12. Dezember, 2008 · 6 Kommentare

HutIch kritisiere häufig die einfache Übertragung von Gedanken und Verhaltensratschlägen von einem privaten Haushalt auf die Volkswirtschaft. Diese hinken gewöhnlich stark: Man kann die Finanzverhältnisse eines Angestellten eben nicht ohne weiteres mit denen eines Großunternehmens, geschweige denn mit denen eines Staates vergleichen.

Die Größe, die Diversifizierung, der Zugang zu Finanzierung etc. ändern sich entscheidend bei der Skalierung… Im Falle eines Staates sind “Kleinigkeiten” wie Notenpresse, Gesetzgebung etc. auch noch da.

Und doch möchte ich ein solches Beispiel geben. Sie entschuldigen mich…

Konkreter Anlass ist die (sehr schöne) Auflistung der Schuldenlage der USA im Blog Querschüsse. Zuletzt, im Zuge der Finanzkrise, ist die Verschuldung — bekanntlich — sprunghaft angestiegen. Und vorher… nun ja… waren die Amerikaner auch nicht gerade zimperlich, wenn es darum ging, auf Kredit zu finanzieren…

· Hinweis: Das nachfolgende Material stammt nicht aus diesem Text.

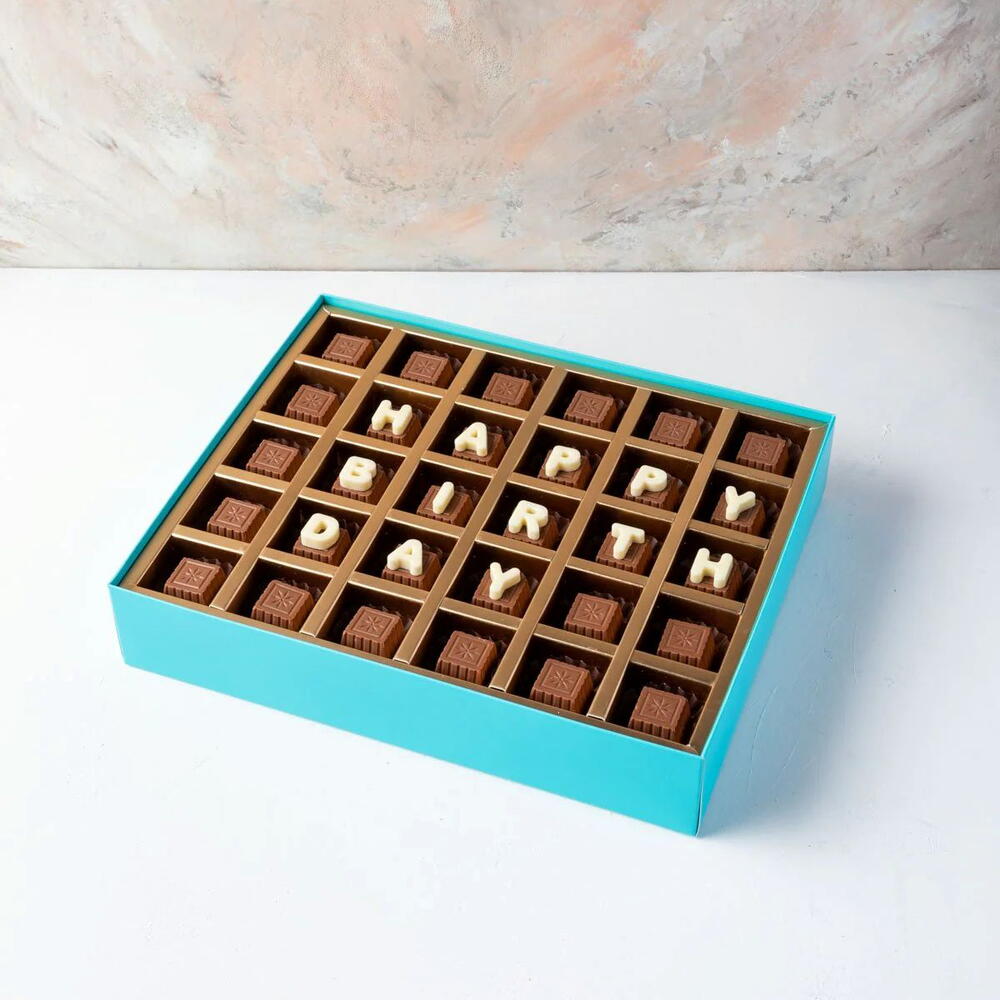 YOUR GIFT CONTAINS Approx. 500 grams pure Belgian milk chocolate Text: 6 / 12 letters with 6 letter in in each row Flavors: Pure Belgian Milk chocolate Box dimensions: LxBxH: 31×25.5x6cm HANDLING AND STORAGE Keep away from direct heat and sunlight All our products are made to order and we suggest to store then in a cool dry place PREPARED IN A FACILITY WHERE NUTS ARE USED

Es ist unmöglich, dass Ihnen die Klagen über die „exorbitanten“ Schulden der Vereinigten Staaten entgangen sind. Ãœberall werden sie beschworen und angemahnt. Und dann – die krasse Schwäche des Vergleichs wohl wissend – würde ich die Zahlen (aus dem oben verlinkten Beitrag) in folgendes Beispiel einfließen lassen:

Stellen Sie sich einen Mann vor, der 143.000 USD im Jahr verdient. Und dies ist ein sehr stabiles Einkommen, ohne weiteres kaum von (längeren) Rückgängen bedroht, auch nicht kündbar (ein Beamte oder so ;-) ).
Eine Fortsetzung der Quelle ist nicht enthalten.